Javascript DOMParser and XMLSerialier removes XML entities

845 views Asked by At

I am trying to preserve some XML entities when parsing XML files in javascript. The following code snippet illustrates the problem. Is there a way for me to make round-trip parse and retain the XML entities (  is nbsp; html)? This happens in Chrome FF and IE10.

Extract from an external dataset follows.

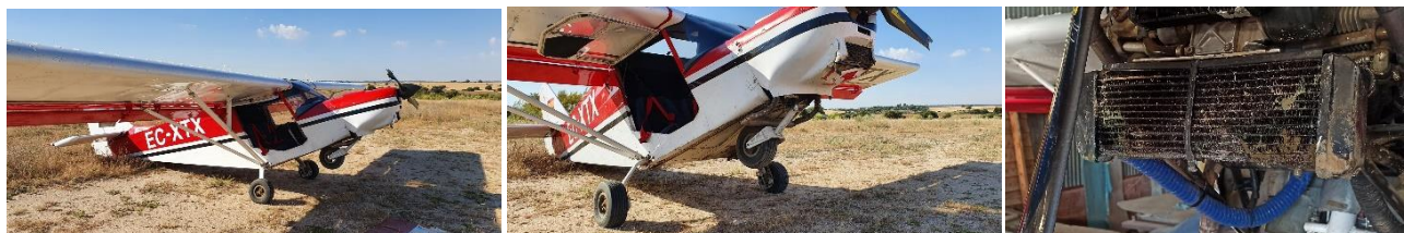
Figure 3.- General view of damage and detail of the engine coolant radiator.

Figures 3 and 4 show photographs of the damage described. No further damage was identified.

var aaa='<root><div>&#160;one&#160;two</div></root>'
var doc=new DOMParser().parseFromString(aaa,'application/xml')
new XMLSerializer().serializeToString(doc)
"<root><div> one two</div></root>"

The issue is I am taking some chunks out of html and storing them in xml, and then I want to get the spaces back in XML when I'm done. Edit: As Dan and others have pointed out, the parser replaces it with the ascii code 160, which to my eyes looks like an ordinary space but:

var str1=new XMLSerializer().serializeToString(doc)
str1.charCodeAt(15)
160

So where ever my application is losing the spaces, it is not here.

1

There are 1 answers

2
dandavis On BEST ANSWER

You can use a ranged RegExp to turn the special chars back into xml representations. as a nice re-usable function:

function escapeExtended(s){
 return s.replace(/([\x80-\xff])/g, function (a, b) {
   var c = b.charCodeAt();
   return "&#" + b.charCodeAt()+";" 
 });
}


var aaa='<root><div>&#160;one&#160;two</div></root>'
var doc=new DOMParser().parseFromString(aaa,'application/xml')
var str= new XMLSerializer().serializeToString(doc);
alert(escapeExtended(str)); // shows: "<root><div>&#160;one&#160;two</div></root>"

Note that HTML entities (ex quot;) will lose their symbol name, and be converted to XML entities (the &#number; kind). you can't get back the names without a huge conversion table.